Refine recommendations with advanced filtering criteria:

**Price Range Filters**

* **Minimum price**: Exclude products below specified amount
* **Maximum price**: Limit recommendations to affordable range
* **Use cases**: Budget-conscious segments, luxury targeting

**Category Filters**

* **Specific categories**: Limit to particular product types
* **Multi-category**: Include multiple related categories
* **Exclusions**: Remove categories not relevant to campaign

**Brand Filters**

* **Brand inclusion**: Focus on specific brands or vendors
* **Brand exclusion**: Remove particular brands from recommendations
* **Partnership focus**: Highlight partner or featured brands

**Tag-Based Filters**

* **Product tags**: Use platform-specific product tagging
* **Custom attributes**: Filter by custom product properties
* **Seasonal tags**: Include/exclude seasonal or promotional items
* **Platform dependency**: Implementation varies by e-commerce system

<Note>
  Contact your customer success manager for guidance on implementing tag-based filtering specific to your e-commerce platform.
</Note>

### Custom Recommender Settings

**Campaign title**: Customize the display title for the recommendation section
**Minimum/Maximum items**: Control quantity displayed
**Fallback strategy**: Define behavior when criteria yield insufficient products

## Performance Optimization Strategies

### Automated vs. Custom Decision Framework

**Choose Automated when:**

* Starting with personalization
* Seeking maximum conversion optimization
* Limited time for content curation
* Wanting set-and-forget functionality

**Choose Custom when:**

* Promoting specific products or brands
* Running targeted promotional campaigns
* Need editorial control over recommendations
* Testing specific product combinations

### A/B Testing Recommendations

**Test different approaches:**

* **Automated vs.
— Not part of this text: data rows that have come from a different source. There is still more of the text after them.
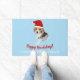 TAPETE CHRISTMAS BEAGLE PUPPY EM RED XMAS SANTA HAT BLUE
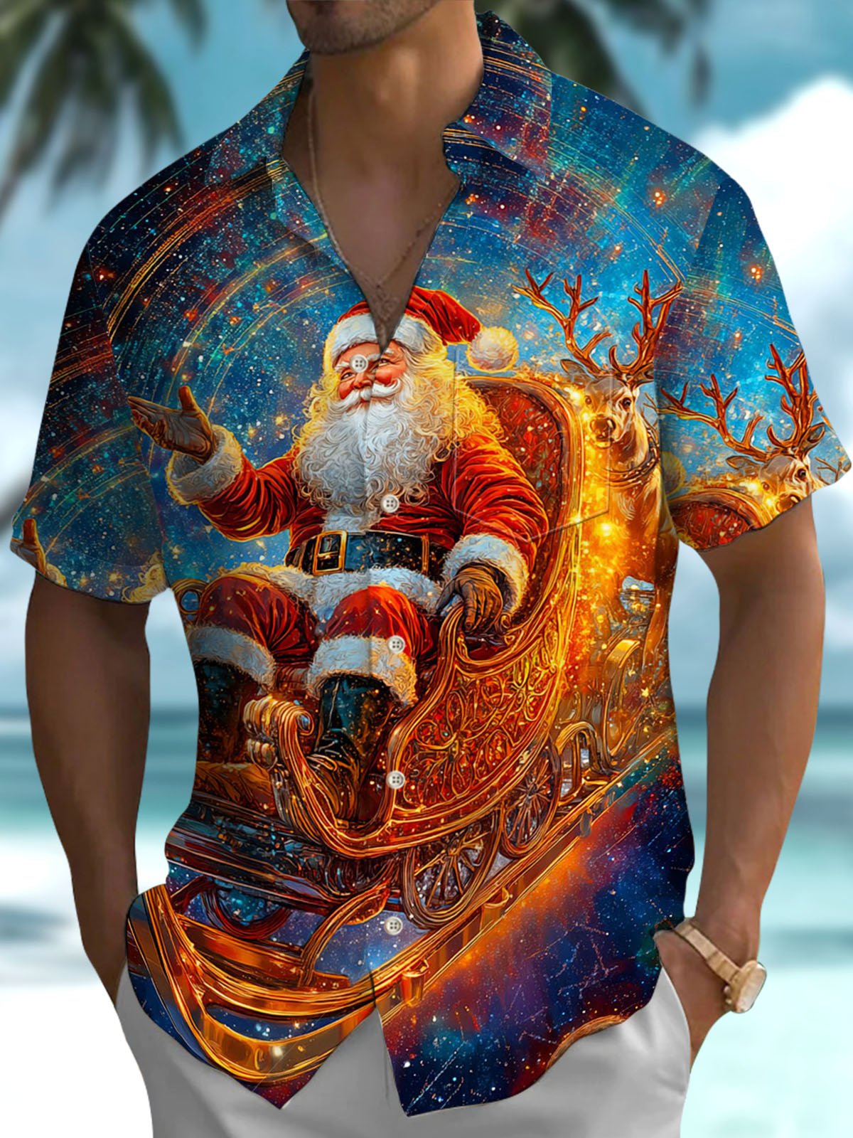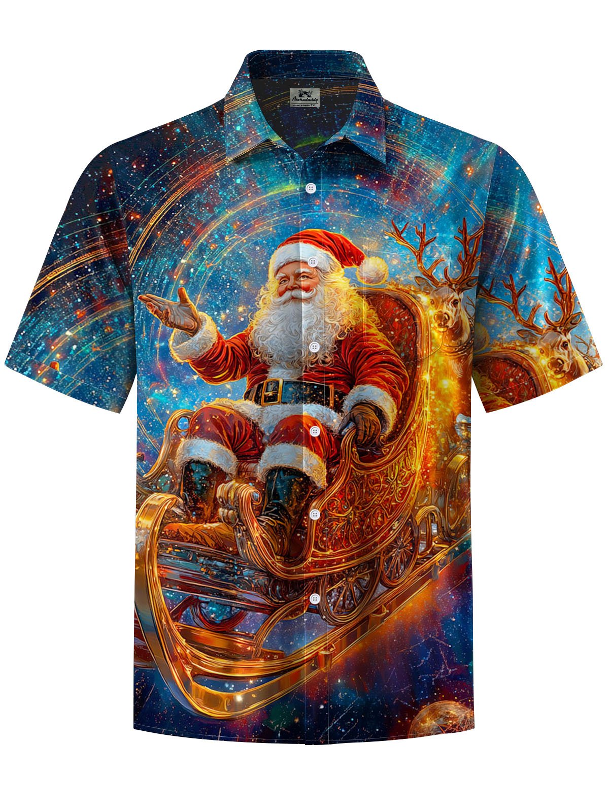 Alohadaddy® Santa Claus Print Art Pocket Stretch Men's Short Sleeve Shirt Big & Tall
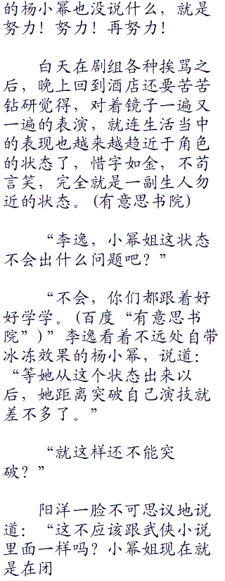 “杨小幂!我最后说一次,高冷,高冷!你现在是一个四十多岁的职场女强人,不是tm见鬼的洛晴川。”
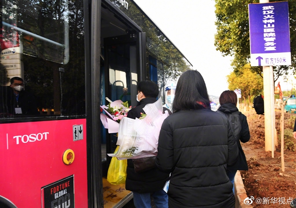 經過火神山醫院醫護人員的精心診治,首批7名符合出院標準的新冠肺炎確診患者13日下午出院。火神山醫院籌備工作指揮部統一安排車輛將患者分別送回所居住小區門口。
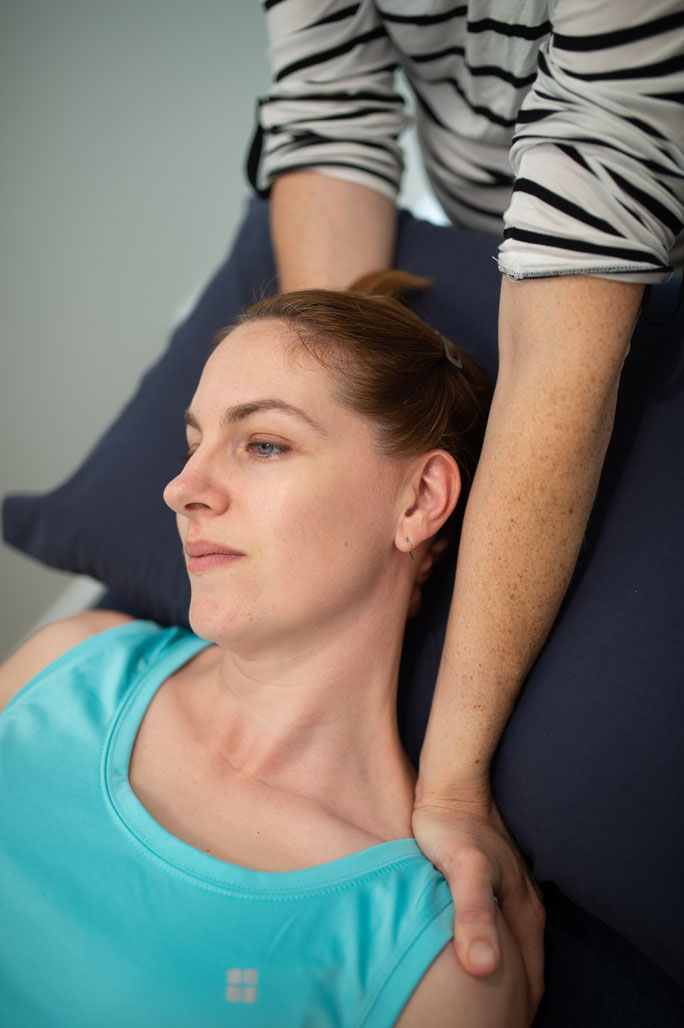 Treatment for neck pain, aside from posture correction, often includes massage, stretching, mobilising and dry needling to loosen tight structures.  Exercises for posture correction, upper body strength and deep neck muscles are also often prescribed.

Custom**: Compare performance in similar zones
* **Product quantities**: Test different min/max settings
* **Filter combinations**: Experiment with different criteria
* **Title variations**: Test different recommendation headers

### Common Optimization Tactics

**Underperforming recommenders:**

* **Broaden criteria**: Reduce restrictive filters
* **Adjust quantities**: Test different product counts
* **Review placement**: Consider zone location and timing
* **Audience refinement**: Narrow or broaden target segments

**High-performing recommenders:**

* **Scale successful patterns**: Apply winning formulas to other zones
* **Refine further**: Test minor adjustments for additional gains
* **Expand audience**: Gradually broaden successful targeting
* **Document learnings**: Capture insights for future campaigns

## Attribution and Revenue Tracking

### Automatic Click Tracking

PureClarity automatically tracks:

* **Product clicks**: When customers interact with recommended products
* **Purchase attribution**: Sales resulting from recommendation clicks
* **Revenue totals**: Dollar value attributed to specific recommendations
* **Conversion rates**: Success rates for different recommendation types

### Click Total Analytics

**Zone-level reporting**: Revenue attribution by website location
**Campaign-level insights**: Performance of specific recommendation campaigns
**Product-level data**: Which products perform best in recommendations
**ROI analytics**: Detailed return on investment for recommendation efforts

<Info>
  Access comprehensive recommendation performance data through the [Analytics section](/features/analytics/overview) and specialized Recommender ROI reports.
</Info>

### Attribution Best Practices

**Revenue tracking accuracy:**

* **Consistent attribution windows**: Define clear timeframes for conversion credit
* **Multi-touch attribution**: Understand customer journey complexity
* **Baseline comparison**: Measure lift versus non-personalized experiences

**Performance monitoring:**

* **Regular review cycles**: Weekly/monthly performance assessment
* **Trend analysis**: Identify patterns and seasonal variations
* **Segment analysis**: Compare performance across customer groups

Recommender campaigns form the foundation of effective personalization, driving both customer satisfaction and business results through intelligent product discovery and strategic recommendation placement.